瀧本が名古屋大学大学院情報科学研究科の久木田水生先生主催のMorality mod Scienceセミナーで講演しました。

タイトル:モラルの進化的起源―動物の利他行動と公平感・他者評価に着目して―

要旨:ヒトは困っている人を見かけるとつい手を差し伸べたくなる。そうした利他行動は幼いころから見られ、血縁のない人や見知らぬ人に対して発揮されることもある。

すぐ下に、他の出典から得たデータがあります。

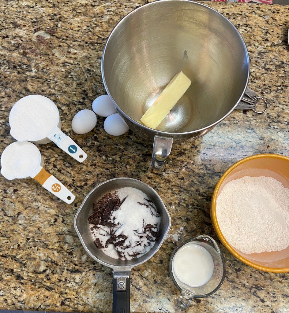 I’m starting my cooking with the chocolate cake that way it has time to cool before icing it. I’m using semi-sweet chocolate as the recipe just says baking chocolate without a specification on what kind. The recipe also says to set the oven at a “moderate temperature” and by today’s cooking standards that is around 350°, so that’s what I’m going for with this recipe. The recipe says that it will make two sheets, so I’m making two nine inch rounds hoping I can get a two layer cake. Luckily I live in a time of modern luxuries so I have access to my mom’s stand mixer which will come in handy for the mixing process. Here are all the things needed for my cake making process to begin! After measuring everything out, I’m starting to feel a little nervous that there might not be enough flour to get me the two rounds that I want.

しかし、利他者が一方的に他者を助けてばかりいては、他者を助けることで被る損失が埋め合わされず、利他行動が進化することはない。利他行動が進化するには、利他者が助けた相手から直接的に、あるいは助けた場面を見聞きした第三者から間接的に、何らかの見返りを得て損失を埋め合わさなければならない。この互恵的利他行動を支え、利他者を防衛するシステムとして機能した1つが社会的感情であると考えられている(e.g., Trivers, 1985)。つまり、裏切り者検知や裏切り者に対する処罰・裏切りの防止に、公平感や感謝・後悔・罪悪感などの高次感情が役立ったのではないかというわけである。本講演では、まず、それらの高次感情の中でも公平感に着目し、動物の利他行動と公平感・公平感に基づく他者評価に関する比較認知科学的研究の最新成果を紹介する。次に、公平感やそれに基づく他者評価が利他行動の進化に果たした役割を考察する。最後に、公平感がモラルの維持に果たしうる役割について言及しつつ、モラルの進化的起源に迫ってみたい。